That debate may be found in Hansard at column 172WH. I had intended to attend and speak in that debate, but unfortunately I was unable to do so because I had covid.
The purpose of the Bill is to remove the requirement for compulsory motor insurance for vehicles used exclusively on private land and for a wide range of vehicles that are not constructed for road use. As the Committee is no doubt aware, the law of the land is that motor vehicles must be insured for use on roads and other public land. That common-sense interpretation has been in place for a long time, and certainly since the Road Traffic Act 1988 established it in law.

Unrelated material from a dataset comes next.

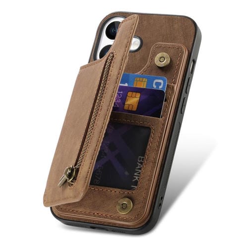 Funda de cuero retro con cremallera para iPhone 17 (marrón)
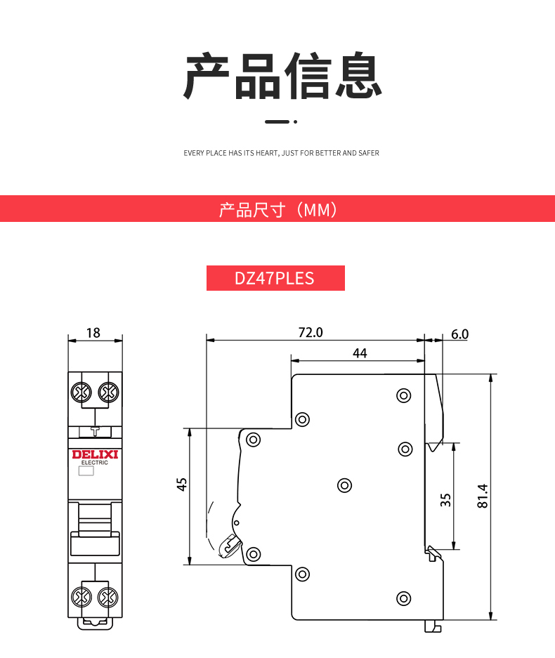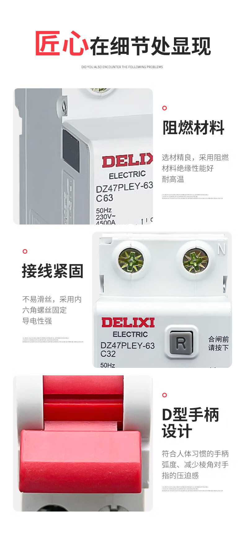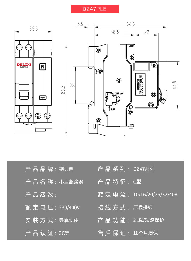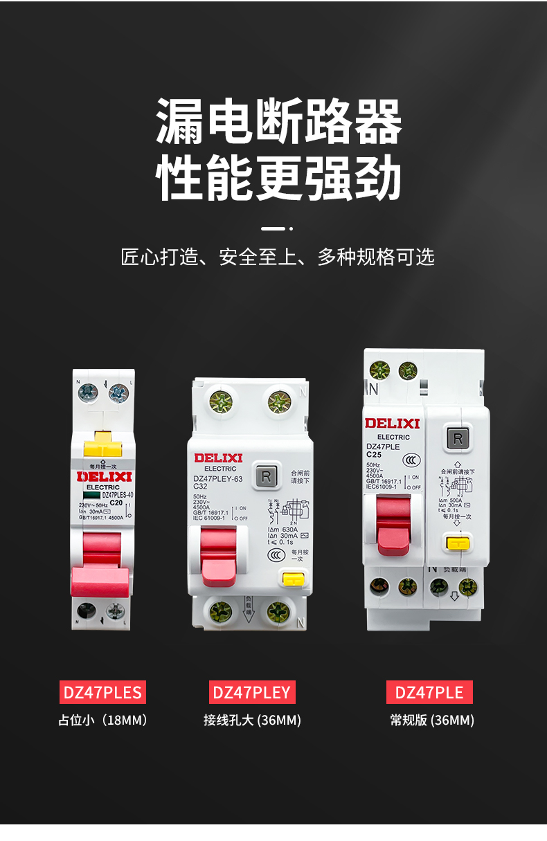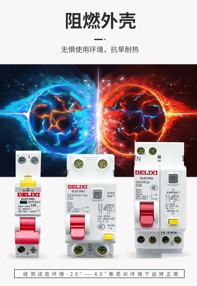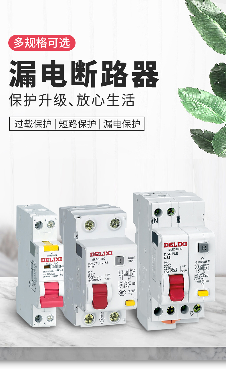 Deli leakage protection DZ47PLES single chip single hole circuit breaker 1p air switch with leakage protection 63A 1P

On 4 September 2014, in its ruling on the case of Vnuk, the Court of Justice of the European Union extended a requirement for compulsory third-party motor insurance beyond the requirements of the law of Great Britain per the 1988 Act. That interpretation was never intended by Parliament, but if the status quo continues, the Vnuk interpretation of the European directive will be in force in our country. The Committee may ask why that is. When we left the European Union, all European directives became what is known as “retained law”. The Vnuk interpretation will put ordinary people in breach of the law for not having motor insurance for vehicles used exclusively on private land. It would also extend to the ridiculous situation of compulsory insurance for ride-on lawnmowers.
Is it not the case that without the Bill, everyone will end up paying higher insurance premiums, which is not something that we want to see? It could also put the future of motor sport at risk.
My right hon. Friend is absolutely right about increased costs, and I will deal with that point later in my remarks. He is also correct about the threat to motor sports.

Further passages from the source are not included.